BRIEF: Reproduce what is written in the records below exactly, and leave out the images.

RECORDED DATA:
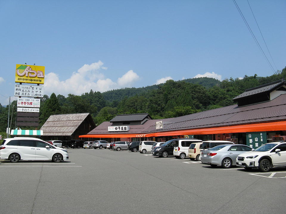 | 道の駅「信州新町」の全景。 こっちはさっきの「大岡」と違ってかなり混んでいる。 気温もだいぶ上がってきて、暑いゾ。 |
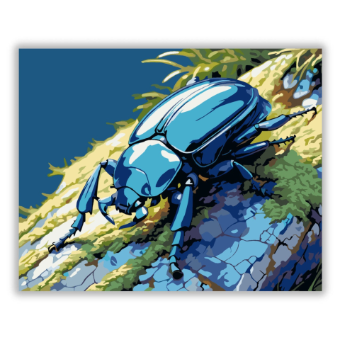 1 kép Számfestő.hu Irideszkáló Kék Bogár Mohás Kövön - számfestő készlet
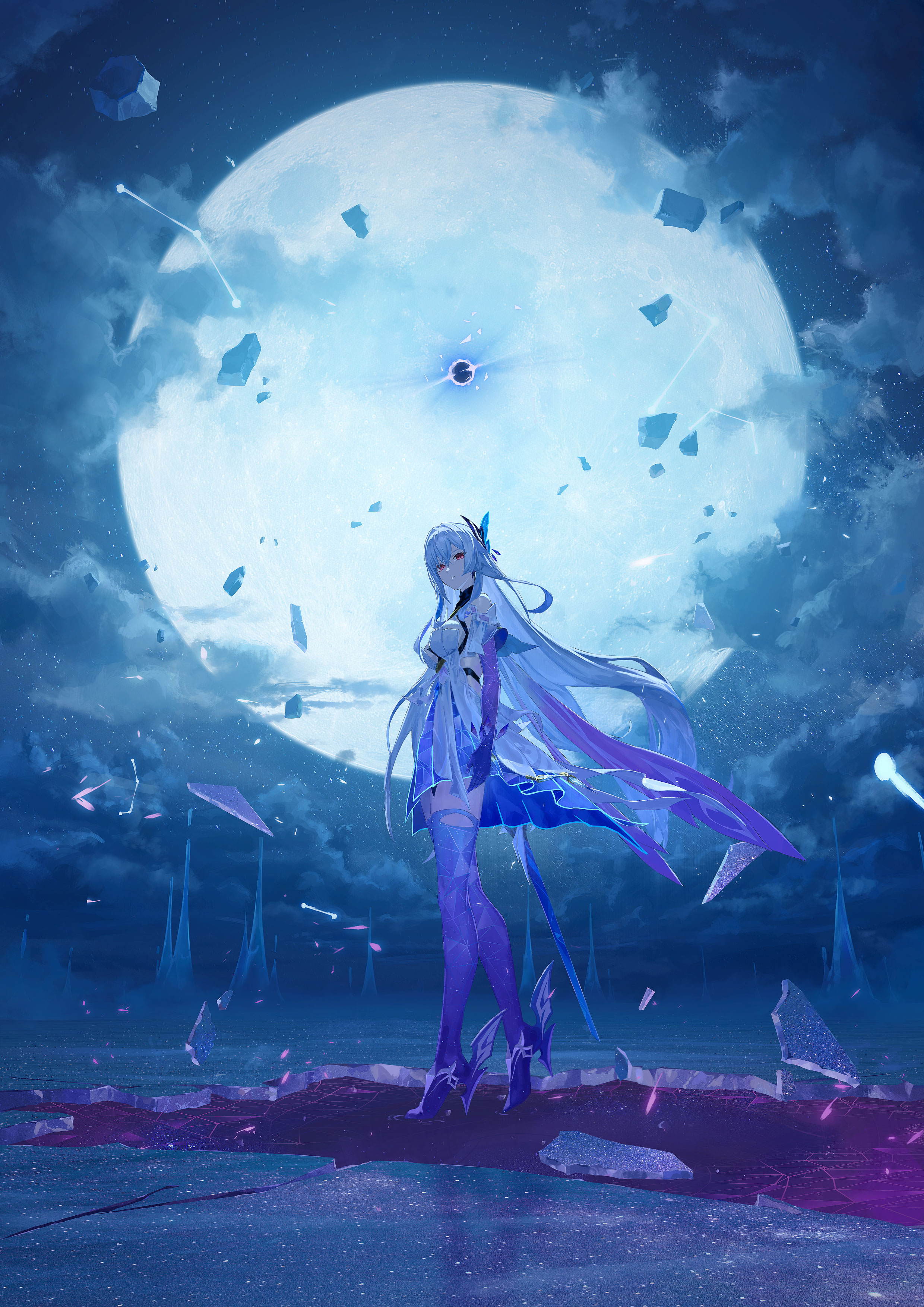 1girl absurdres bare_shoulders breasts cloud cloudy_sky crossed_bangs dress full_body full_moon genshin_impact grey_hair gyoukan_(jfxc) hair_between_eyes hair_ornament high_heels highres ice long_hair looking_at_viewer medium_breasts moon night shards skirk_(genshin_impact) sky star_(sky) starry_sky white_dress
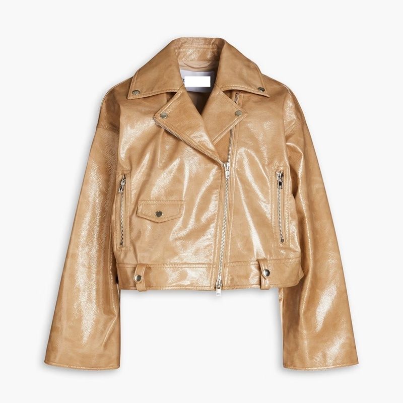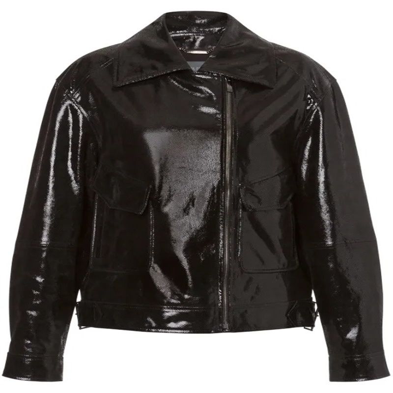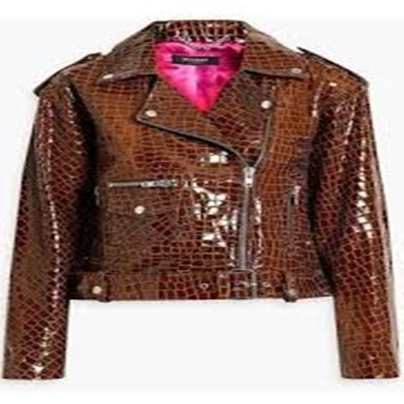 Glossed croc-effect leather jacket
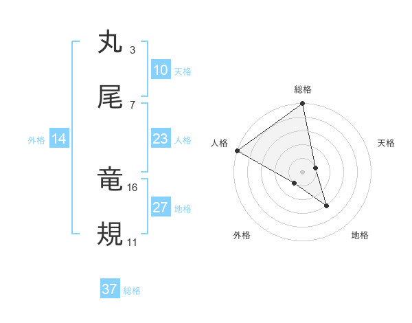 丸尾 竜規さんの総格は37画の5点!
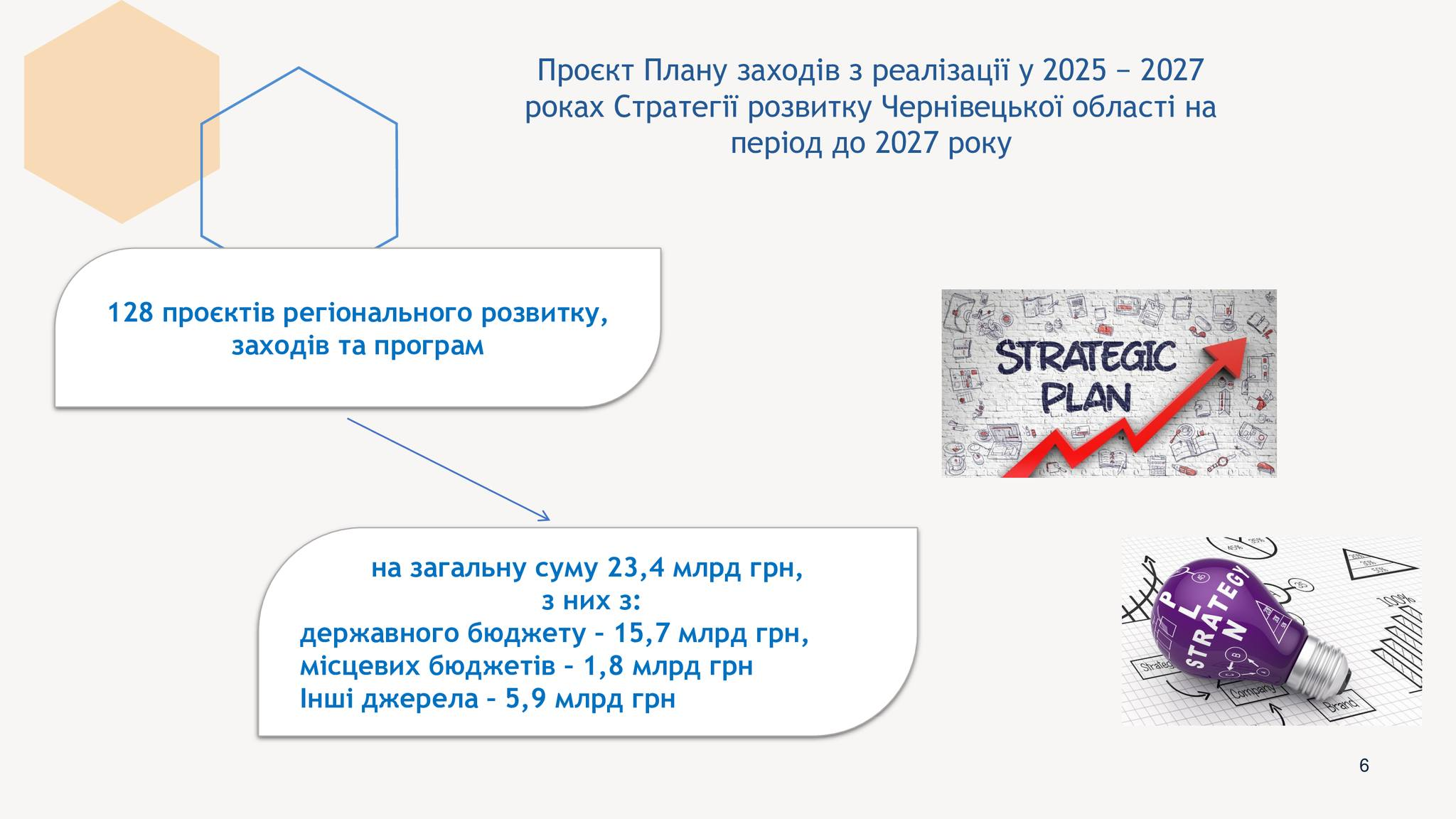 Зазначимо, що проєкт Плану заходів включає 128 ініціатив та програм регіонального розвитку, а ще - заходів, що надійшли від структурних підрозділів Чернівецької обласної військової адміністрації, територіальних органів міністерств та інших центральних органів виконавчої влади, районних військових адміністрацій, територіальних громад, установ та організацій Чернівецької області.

WRITTEN SOLUTION:
 | 道の駅「信州新町」の全景。 こっちはさっきの「大岡」と違ってかなり混んでいる。 気温もだいぶ上がってきて、暑いゾ。 |
 1 kép Számfestő.hu Irideszkáló Kék Bogár Mohás Kövön - számfestő készlet
 1girl absurdres bare_shoulders breasts cloud cloudy_sky crossed_bangs dress full_body full_moon genshin_impact grey_hair gyoukan_(jfxc) hair_between_eyes hair_ornament high_heels highres ice long_hair looking_at_viewer medium_breasts moon night shards skirk_(genshin_impact) sky star_(sky) starry_sky white_dress
 Glossed croc-effect leather jacket
 丸尾 竜規さんの総格は37画の5点!
 Зазначимо, що проєкт Плану заходів включає 128 ініціатив та програм регіонального розвитку, а ще - заходів, що надійшли від структурних підрозділів Чернівецької обласної військової адміністрації, територіальних органів міністерств та інших центральних органів виконавчої влади, районних військових адміністрацій, територіальних громад, установ та організацій Чернівецької області.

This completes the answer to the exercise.